Introduction

Ovarian cancer is the second most common gynecological malignancy in the USA and the most deadly with an estimated 21,980 new cases and 14,270 deaths in 2014 [1]. The current standard of care for advanced ovarian cancer is a combination of cytoreductive surgery and platinum-based chemotherapy [2]. The amount of residual disease after cytoreductive surgery has been repeatedly identified as a strong predictor of survival, and accordingly, the surgical effort to achieve the goal of complete gross tumor resection has been constantly evolving [3]. Notwithstanding the ongoing debate regarding the timing of the maximal surgical effort (primary vs following neoadjuvant chemotherapy), the goal of cytoreductive surgery remains the same [4]. This review will discuss the role of surgery in the treatment of primary epithelial ovarian cancer as it has evolved since the emergence of the concept of surgical cytoreduction [5].

Concept and Evidence

The theoretical benefits of debulking surgery include removal of poorly vascularized tumor where chemotherapeutic agents have poor access as well as the removal of chemoresistant clones leaving behind smaller residual implants with a higher growth fraction which are more susceptible to chemotherapy [6].

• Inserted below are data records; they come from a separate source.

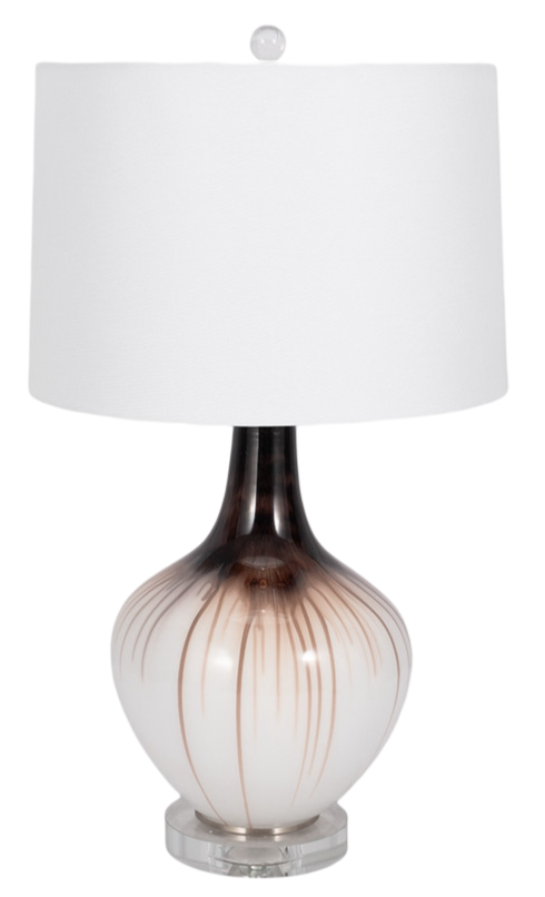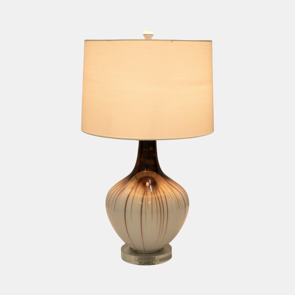This chic table lamp offers a soft, ambient glow, creating a cozy and inviting atmosphere. Its neutral color palette makes it easy to pair with a variety of decor styles, while the brown accents add warmth and contrast, making it a stylish focal point.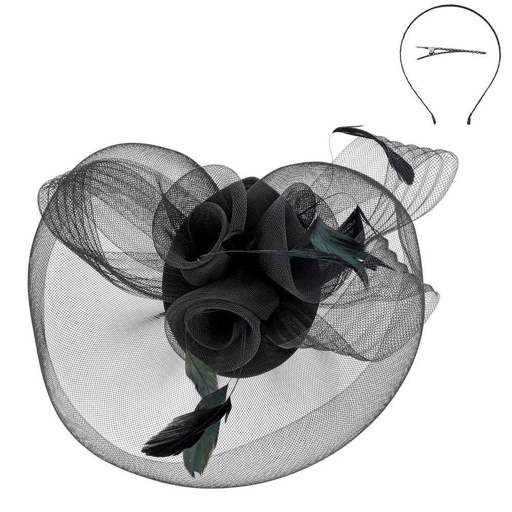 WOMEN'S KENTUCKY DERBY TILT MESH FLOWER FEATHERS FASCINATOR WITH DUAL FUNCTION AS CLIP AND HEADBAND
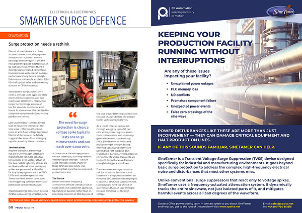 Electrical maintenance is often focused on mechanical equipment in industrial facilities – motors, bearings and conveyors – but the risks posed to power electronics can be just as serious. Where there is microprocessor-based equipment, transient over-voltages can damage performance long before outright failures are noticeable, explains John Mitchell, global sales and marketing director at CP Automation.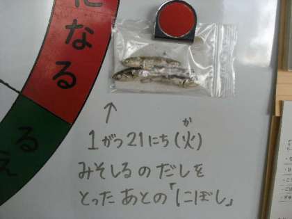 給食時間に行ったクイズは「きょうのみそ汁のだしは何からとっているでしょう?」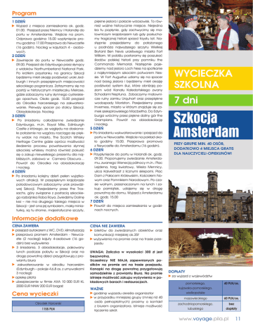 Program 1 DZIEŃ Wyjazd z miejsca zamieszkania ok. godz. 01.00. Przejazd przez Niemcy i Holandię do portu w Amsterdamie. Wejście na prom. Odprawa godzina 15.00 wypłynięcie promu godzina 17.00 Przeprawa do Newcastle (16 godzin). Nocleg w kajutach 4 - osobowych. 2 DZIEŃ Zawinięcie do portu w Newcastle godz. 09.00. Przejazd do Edynburga przez słynący z widoków Northumberland National Park. Po krótkim przystanku na granicy Szkocji będziemy mieli okazję podziwiać uroki Jedburgh i innych przepięknych miejscowości szkockiego pogranicza. Zatrzymamy się na postój w historycznym miasteczku Melrose, gdzie zobaczymy ruiny słynnego cysterskiego opactwa. Około godz. 15.00 przyjazd do Ośrodka harcerskiego na zakwaterowanie. Pierwszy spacer po stolicy Szkocji. Obiadokolacja. Nocleg 3 DZIEŃ Po śniadaniu całodzienne zwiedzanie Edynburga, m,in. Royal Mile, Edinburgh Castle z którego, ze względu na doskonałe położenie na wzgórzu rozciąga się piękny widok na miasto, The Scotch Whisky Heritage Centre gdzie oprócz możliwości śledzenia procesu powstawania słynnej szkockiej whiskey można również pokusić się o zakup niewielkiego prezentu dla najbliższych, zabawa w Camera Obscura… Powrót do Ośrodka na obiadokolację i nocleg. 4 DZIEŃ Po śniadaniu kolejny dzień pełen wyjątkowych atrakcji. W przepięknym krajobrazie polodowcowym zobaczymy urok prawdziwej Szkocji. Przejedziemy przez the Trossachs, góry związane z postacią szkockiego rozbójnika Roba Roya. Zwiedzimy Dolinę Łez – nie ma drugiego takiego miejsca w Szkocji – jest ona jej symbolem, małą miniaturką, są tu strome, majestatyczne szczyty, piękne jeziora i połacie wrzosowisk. To również ważne historycznie miejsce. Niejedna łza tu popłynie, gdy zachwycimy się malowniczym krajobrazem lub gdy posłuchamy tragicznej historii sprzed trzystu lat. Następnie przejedziemy do położonego u podnóża najwyższego szczytu Wielkiej Brytanii Ben Nevis urokliwego miasta Fort William. W pobliżu postaramy się poszukać śladów polskiej historii przy pomniku the Commando Memorial. Następnie pojedziemy nad jezioro Loch Ness na spotkanie z najsłynniejszym szkockim potworem Nessie. W Fort Augustus udamy się na spacer nad brzeg jeziora i będziemy mieli okazję podziwiać system śluz, które obniżają poziom wód Kanału Kaledońskiego zwany Schodami Neptuna. Zobaczymy malownicze ruiny zamku Urquhart oraz przepiękne wodospady Morriston. Przejedziemy przez Inverness, miasto w którym znajduje się zamek szekspirowskiego Macbetha. Do Edynburga wrócimy przez piękne doliny gór the Grampians. Powrót na obiadokolację i nocleg. 5 DZIEŃ Po śniadaniu wykwaterowanie i przejazd do portu w Newcastle. Wejście na pokład około godziny 15.00. Przeprawa promowa z Newcastle do Amsterdamu (16 godzin). 6 DZIEŃ Przypłynięcie do portu w Holandii ok. godz. 09.00. Proponujemy zwiedzanie Amsterdamu, zwanego Wenecją północy m.in.: Plac Lejdena, targ kwiatowy, Wieża Mennicy, ulica Kalvestraat z licznymi sklepami, Plac Dam z Pałacem Królewskim, Kościołem Nowym oraz Pomnikiem Narodowym. Po czasie wolnym, przeznaczonym na lunch i zakup pamiątek, udajemy się w drogę powrotną do domu. Wyjazd z Amsterdamu ok. godz. 15.00 WYCIECZKA SZKOLNA 7 dni Szkocja Amsterdam PRZY GRUPIE MIN. 40 OSÓB, DODATKOWO 4 MIEJSCA GRATIS DLA NAUCZYCIELI-OPIEKUNÓW! 7 DZIEŃ Powrót do miejsca zamieszkania w godzinach nocnych. Informacje dodatkowe CENA ZAWIERA CENA NIE ZAWIERA przejazd autokarem z WC, DVD, klimatyzacją przeprawa promem Amsterdam - Newcastle (2 noclegi) kajuty 4-osobowe (16 godzin) bez wyżywienia 3 śniadania, 3 obiadokolacje, pakowany lunch podczas pobytu w Szkocji oraz na drogę powrotną dzieci przygotowują z prowiantu biura zakwaterowanie w ośrodku harcerskim (Edynburgh – pokoje 4,6,8 os. z umywalkami 3 noclegi) opiekę pilota ubezpieczenie w firmie AXA 10 000 EUR KL 2000 EUR NNW 200 EUR bagaż Cena wycieczki Ośrodek Harcerski 1155 PLN biletów do zwiedzanych obiektów oraz komunikacji miejskiej ok.35f wyżywienia na promie oraz na trasie przejazdu UWAGA: Zaliczka w wysokości 300 zł jest bezzwrotna. Uczestnicy NIE MAJĄ zapewnionych posiłków na promie ani na trasie przejazdu. Kanapki na drogę powrotną przygotowują samodzielnie z prowiantu Biura. Na promie istnieje możliwość zakupu wyżywienia w pokładowych barach i restauracjach. WAŻNE godzinę wyjazdu określa organizator w przypadku mniejszej grupy (mniej niż 40 osób pełnopłatnych) prosimy o kontakt z biurem organizatora. Istnieje możliwość łączenia szkół. DOPŁATY za wyjazd z województw pomorskiego, kujawsko-pomorskiego, wielkopolskie 40 PLN/os. mazowieckiego 60 PLN/os. zachodniopomorskiego, lubuskiego bez dopłaty www.voyage.pila.pl 11

Following the seminal report by Griffiths in 1975 [5], overwhelming evidence from multiple institutional retrospective series and pooled data from prospective randomized chemotherapy trials have confirmed the role of cytoreductive surgery in prolonging survival, and the goal of surgery has evolved from optimal tumor residual of <2 cm to a goal of no gross residual disease [717]. In the EORTC randomized controlled trial comparing neoadjuvant chemotherapy vs primary surgery, complete gross resection of all macroscopic disease was the strongest independent variable in predicting overall survival, whether the surgery was performed primarily or following neoadjuvant chemotherapy [4].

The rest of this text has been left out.